◆ DATA PROVIDED
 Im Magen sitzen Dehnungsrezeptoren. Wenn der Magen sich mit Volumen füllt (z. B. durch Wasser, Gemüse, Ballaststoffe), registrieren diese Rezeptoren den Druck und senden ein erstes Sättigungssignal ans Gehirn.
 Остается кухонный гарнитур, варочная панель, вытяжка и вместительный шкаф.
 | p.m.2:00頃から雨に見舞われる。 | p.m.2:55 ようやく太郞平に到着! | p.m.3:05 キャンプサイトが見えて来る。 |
==
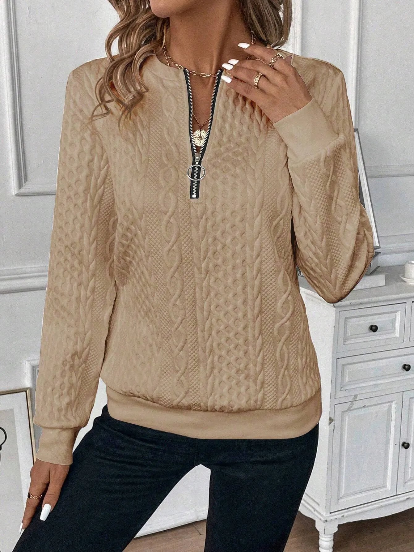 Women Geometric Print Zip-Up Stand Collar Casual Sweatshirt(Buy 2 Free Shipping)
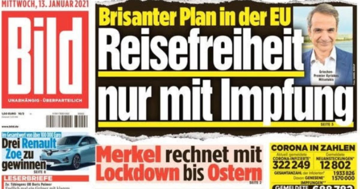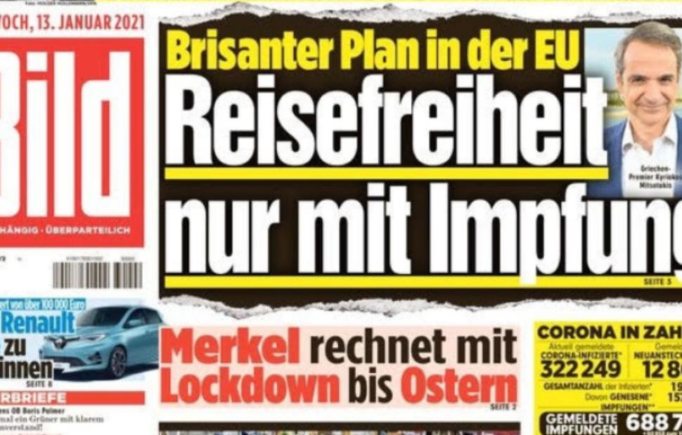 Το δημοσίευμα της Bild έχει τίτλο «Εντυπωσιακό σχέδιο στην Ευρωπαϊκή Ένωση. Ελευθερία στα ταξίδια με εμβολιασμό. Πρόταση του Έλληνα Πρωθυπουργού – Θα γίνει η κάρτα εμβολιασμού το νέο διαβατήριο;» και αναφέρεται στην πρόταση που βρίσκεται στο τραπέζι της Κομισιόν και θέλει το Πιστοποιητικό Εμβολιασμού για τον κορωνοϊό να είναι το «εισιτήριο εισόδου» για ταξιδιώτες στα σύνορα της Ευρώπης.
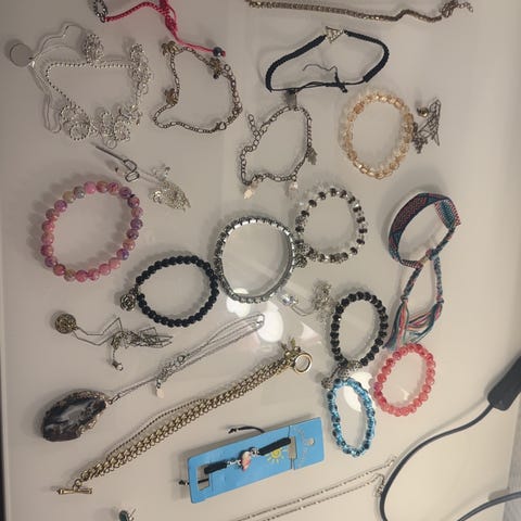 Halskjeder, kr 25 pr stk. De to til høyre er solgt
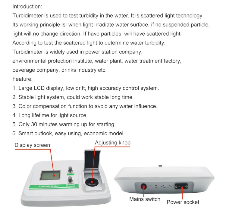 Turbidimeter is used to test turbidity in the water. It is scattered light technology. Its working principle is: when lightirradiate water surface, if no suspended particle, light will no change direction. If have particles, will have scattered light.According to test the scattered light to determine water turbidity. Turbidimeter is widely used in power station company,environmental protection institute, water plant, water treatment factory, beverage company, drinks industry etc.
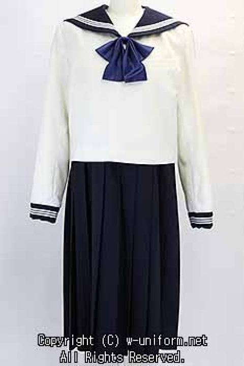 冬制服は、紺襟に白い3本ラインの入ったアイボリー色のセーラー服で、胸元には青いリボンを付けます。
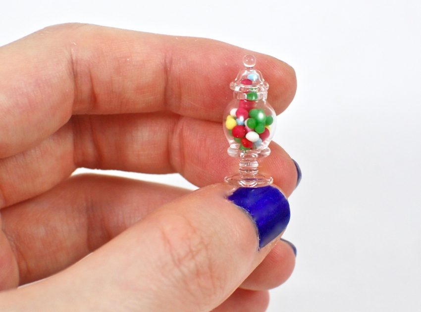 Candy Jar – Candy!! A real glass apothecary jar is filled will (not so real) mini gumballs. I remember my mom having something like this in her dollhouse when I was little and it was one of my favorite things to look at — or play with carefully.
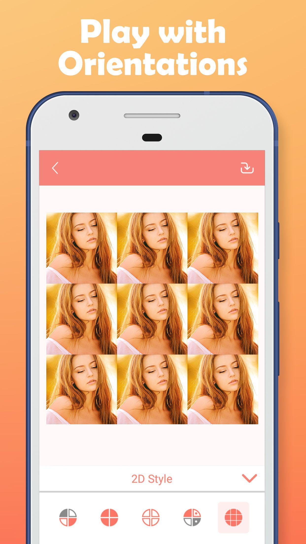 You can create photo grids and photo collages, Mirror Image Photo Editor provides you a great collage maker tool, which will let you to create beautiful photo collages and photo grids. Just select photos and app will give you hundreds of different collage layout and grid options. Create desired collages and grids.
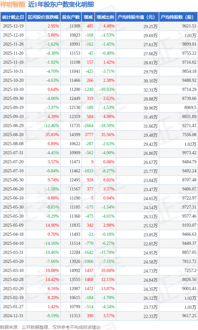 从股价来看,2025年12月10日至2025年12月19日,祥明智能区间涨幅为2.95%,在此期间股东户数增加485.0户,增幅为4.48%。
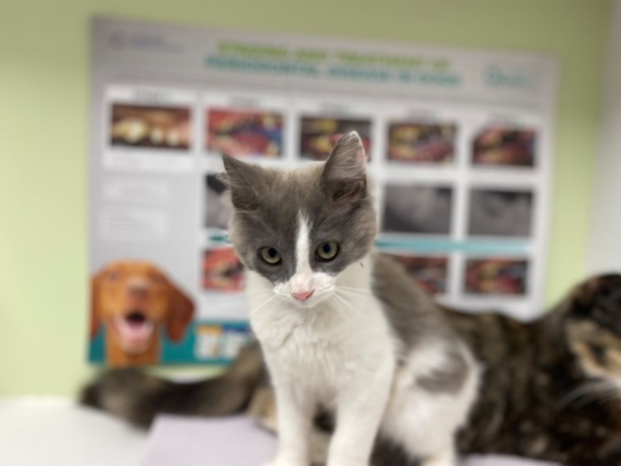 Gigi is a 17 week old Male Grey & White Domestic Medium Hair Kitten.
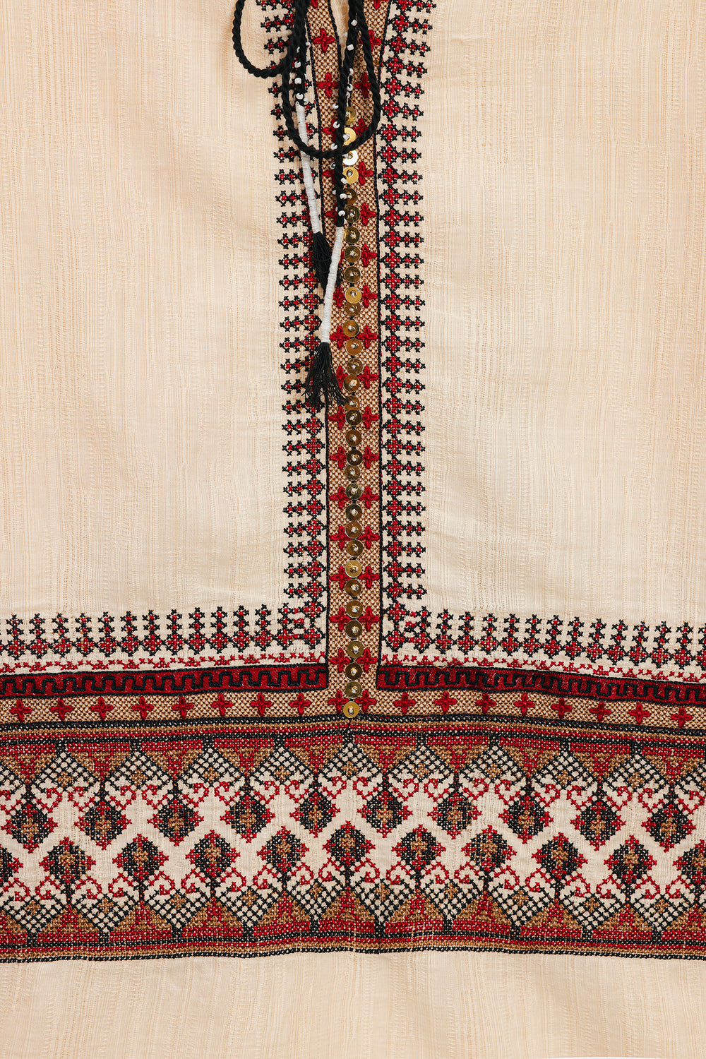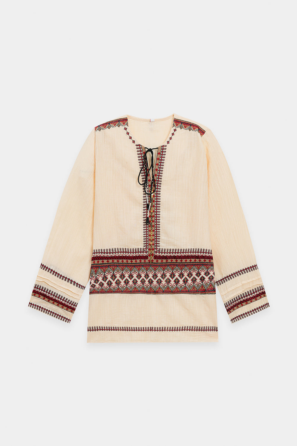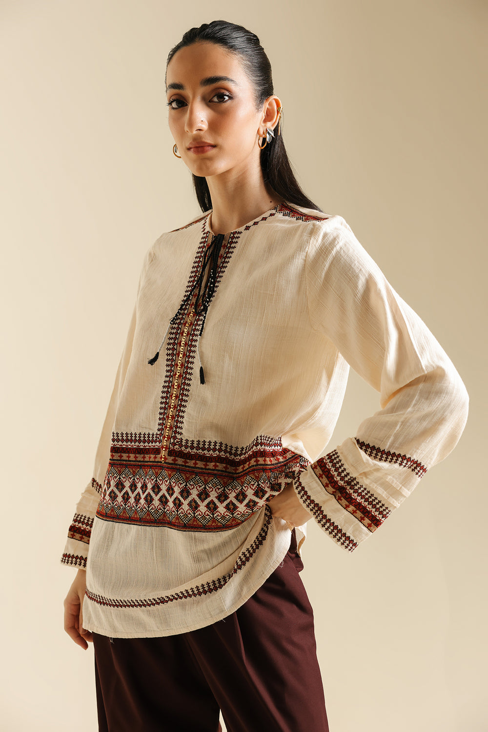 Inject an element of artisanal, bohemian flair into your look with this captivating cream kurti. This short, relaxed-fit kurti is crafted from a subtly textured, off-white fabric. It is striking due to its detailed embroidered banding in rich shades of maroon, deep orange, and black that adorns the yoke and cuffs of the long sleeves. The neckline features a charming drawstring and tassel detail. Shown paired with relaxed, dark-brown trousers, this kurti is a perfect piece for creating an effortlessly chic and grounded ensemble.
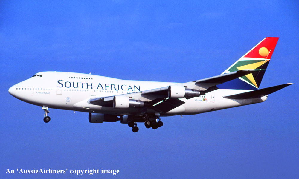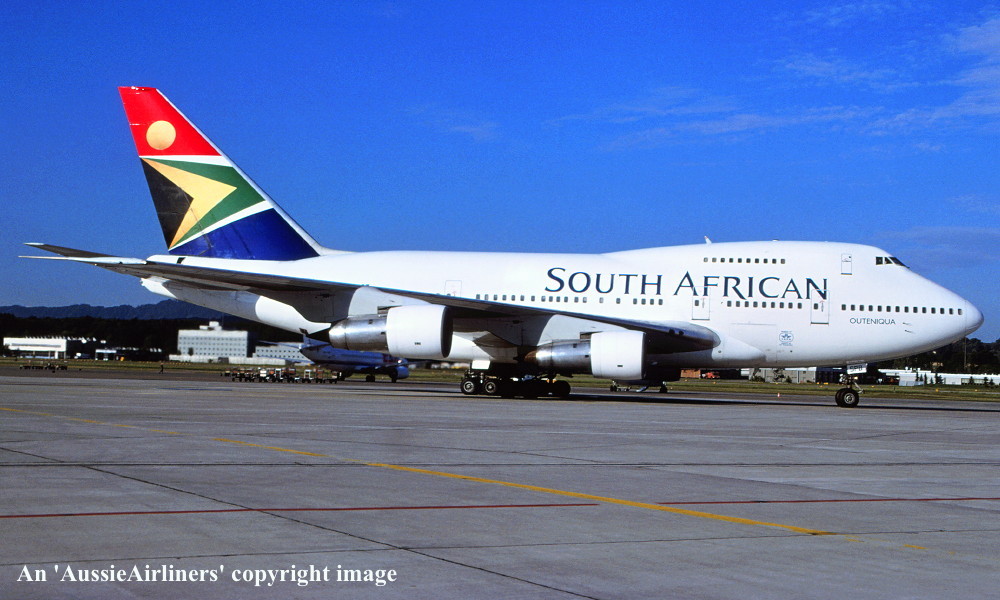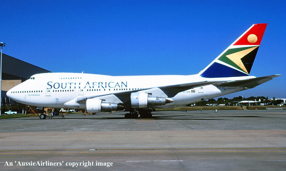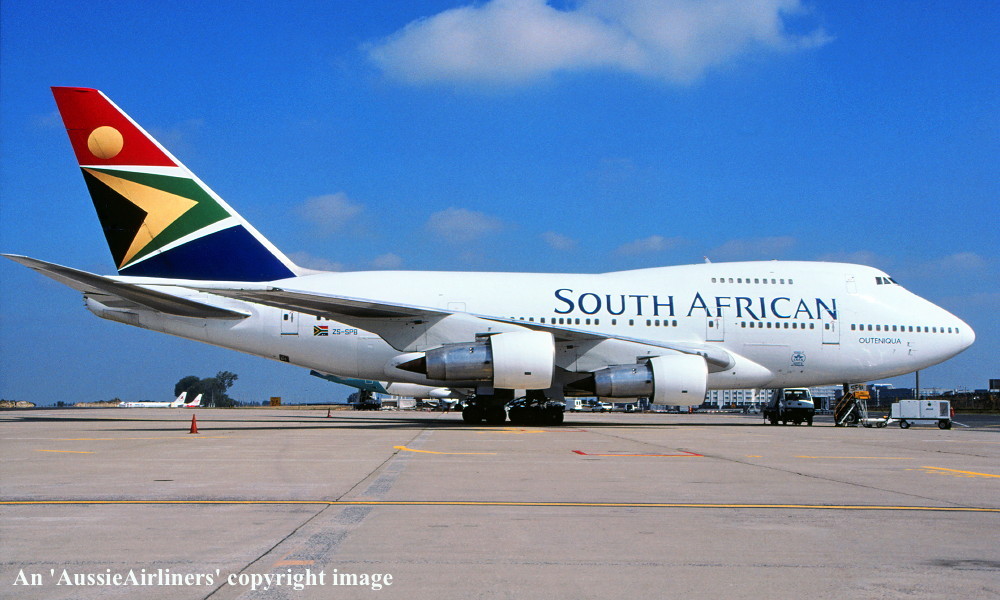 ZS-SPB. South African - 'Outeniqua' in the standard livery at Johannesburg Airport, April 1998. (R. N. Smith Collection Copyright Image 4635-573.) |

◆ TASK DIRECTIONS
Nothing but the lines from the one with "Turbidimeter is used" to the one with "从股价来看,2025年12月" above, both included, should be transcribed, exactly and without pictures.

◆ TASK ANSWER
 Turbidimeter is used to test turbidity in the water. It is scattered light technology. Its working principle is: when lightirradiate water surface, if no suspended particle, light will no change direction. If have particles, will have scattered light.According to test the scattered light to determine water turbidity. Turbidimeter is widely used in power station company,environmental protection institute, water plant, water treatment factory, beverage company, drinks industry etc.
 冬制服は、紺襟に白い3本ラインの入ったアイボリー色のセーラー服で、胸元には青いリボンを付けます。
 Candy Jar – Candy!! A real glass apothecary jar is filled will (not so real) mini gumballs. I remember my mom having something like this in her dollhouse when I was little and it was one of my favorite things to look at — or play with carefully.
 You can create photo grids and photo collages, Mirror Image Photo Editor provides you a great collage maker tool, which will let you to create beautiful photo collages and photo grids. Just select photos and app will give you hundreds of different collage layout and grid options. Create desired collages and grids.
 从股价来看,2025年12月10日至2025年12月19日,祥明智能区间涨幅为2.95%,在此期间股东户数增加485.0户,增幅为4.48%。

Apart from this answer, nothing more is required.